Mentre Trump è alle prese con scandali e polemiche, per i Democratici, sempre più divisi, si preannunciano primarie affollate
In attesa di scoprire chi sarà lo sfidante di Trump e come si svolgerà la prossima campagna elettorale, la democrazia americana vive un periodo di forti tensioni. Dopo le indiscrezioni e le fughe di notizie che hanno scosso la capitale, nessuno azzarda previsioni su dove porteranno gli sviluppi dell’ingarbugliata vicenda fatta di accuse incrociate, sospetti e possibili minacce, che sembrerebbe coinvolgere lo stesso Presidente, i membri più stretti del suo staff e uno dei candidati alle primarie democratiche: l’ex vicepresidente Joe Biden.

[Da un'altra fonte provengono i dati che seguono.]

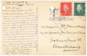 Vandaag hebben we de passiespelen gezien, het was overweldigend mooi. De omstreken zijn hier zooals je wel denken kunt schitterend. Gisteren waren we met pastoor Zandvliet uit Zevenhoven naar Partenkirchen, Ettal en Garmisch. Morgenochtend gaan we naar Kufstein. We zijn nog niet uitgeslapen, we gingen gisteravond over twaalven naar bed en vanmorgen om zes uur zat ik al geschoren en gekleed op de waranda van het huis dat je aan den achterkant hiervan ziet, we hebben hier een best pension alleen is het een beetje ver van het dorp en tamelijk hoog gelegen.

Da un lato, questa storia potrebbe finire in un nulla di fatto, come nel caso del Rapporto Müller che non riuscì a provare alcuna responsabilità di Trump sulle interferenze straniere nelle elezioni del 2016. Dall’altro, potrebbe ipotecare le speranze di successo di Biden (se dovesse vincere le primarie), indebolendo la sua leadership. Si ripeterebbe quindi un copione simile a quello della sconfitta di Hillary Clinton pochi anni fa, quando proprio durante le primarie venne fuori lo scandalo delle sue comunicazioni ufficiali su indirizzi email privati. In entrambi i casi, Trump potrebbe usare il corso degli eventi a suo vantaggio e, secondo alcuni esperti, persino la procedura di impeachment, che è stata formalmente avviata dai Democratici, potrebbe favorire il Presidente nella campagna elettorale.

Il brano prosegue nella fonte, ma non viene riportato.